I am considering Orthanc or DCM4CHEE; this is not about a clinical installation (just a research installation under our control in a hospital). Would you also expect these less clinically oriented „PACS-like systems“ to have a problem with unknown SOP Class UIDs?
I don’t know, I don’t have much experience with those. But I think it should be easy to test. You can, for example, take any DICOM object, replace SOPClassUID with any value (which would be a valid VR-wise, but not a value listed in the standard), and try to send and retrieve that object with Orthanc or DCM4CHEE. This must be much faster and easier than asking the maintainers through their forum etc.
Just a quick remark while I am busy with other stuff and still could not read the full supplement: The slides on Sup 223 state that the persistent inventory object is “Managed like other DICOM non-patient objects” (slide 9). I found that interesting because of the discussion above about DICOM focusing on per-patient objects.

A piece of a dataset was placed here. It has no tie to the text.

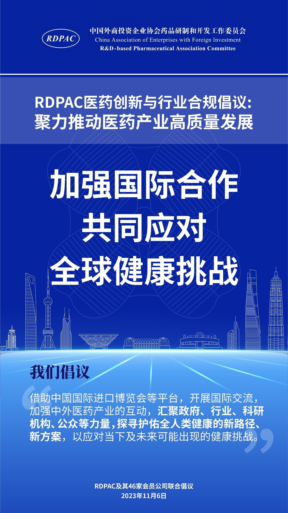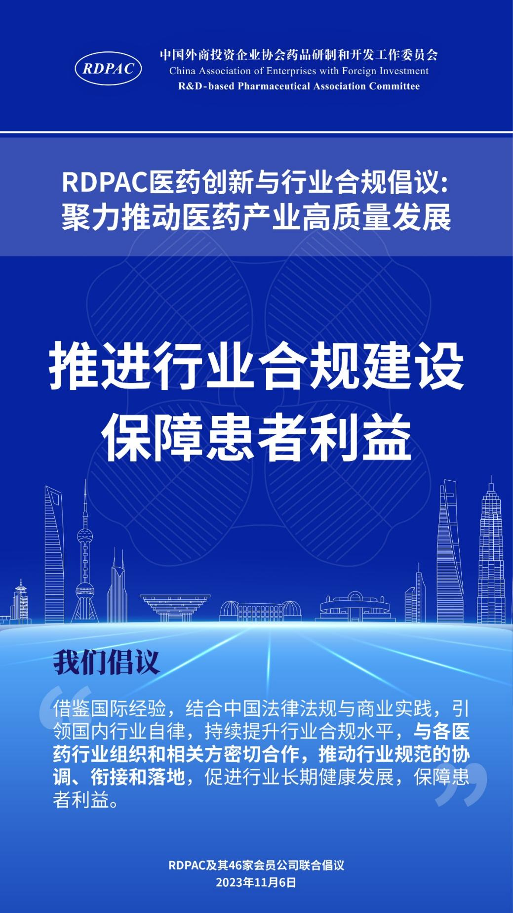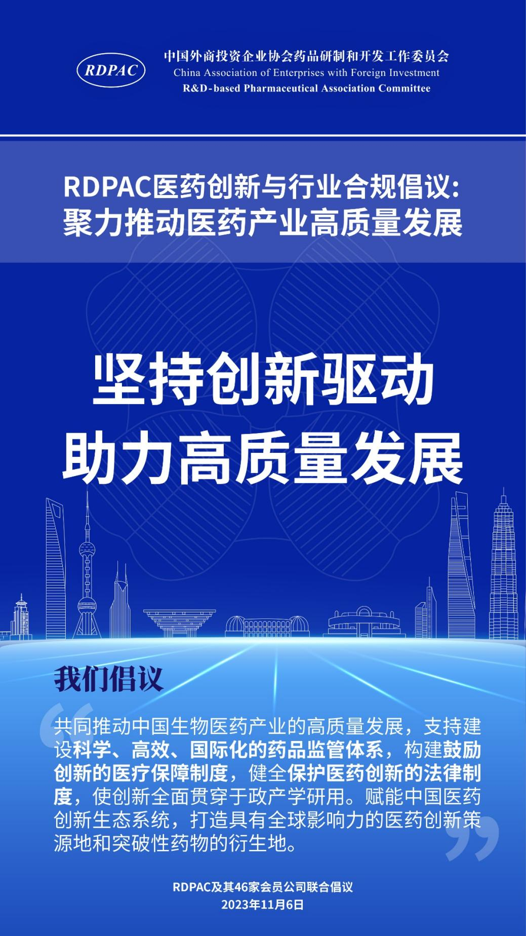 11月6日,中國外商投資企業(yè)協(xié)會藥品研制和開發(fā)工作委員會 (以下簡稱 “RDPAC”)及其成員公司在華負責(zé)人共同發(fā)起“RDPAC醫(yī)藥創(chuàng)新與行業(yè)合規(guī)倡議”,致力于打造充滿活力的醫(yī)藥創(chuàng)新生態(tài)系統(tǒng)、完善的行業(yè)合規(guī)體系,聚力推動中國醫(yī)藥產(chǎn)業(yè)的高質(zhì)量發(fā)展,建設(shè)健康中國。

When reading the supplement, one area where my intended use case and the supplement’s original motivation diverge is that creating a copy of the contents is not what I want; my inventory should just refer to the necessary other objects. It’s clear that the latter is somehow also supported (in any case, the original data will be fully identified), but much of the text seems to assume that one wants the inventory to contain all the data. I am not very experienced with reading the standard, even less so with supplements, so I do not feel very confident yet on how good of a fit this is.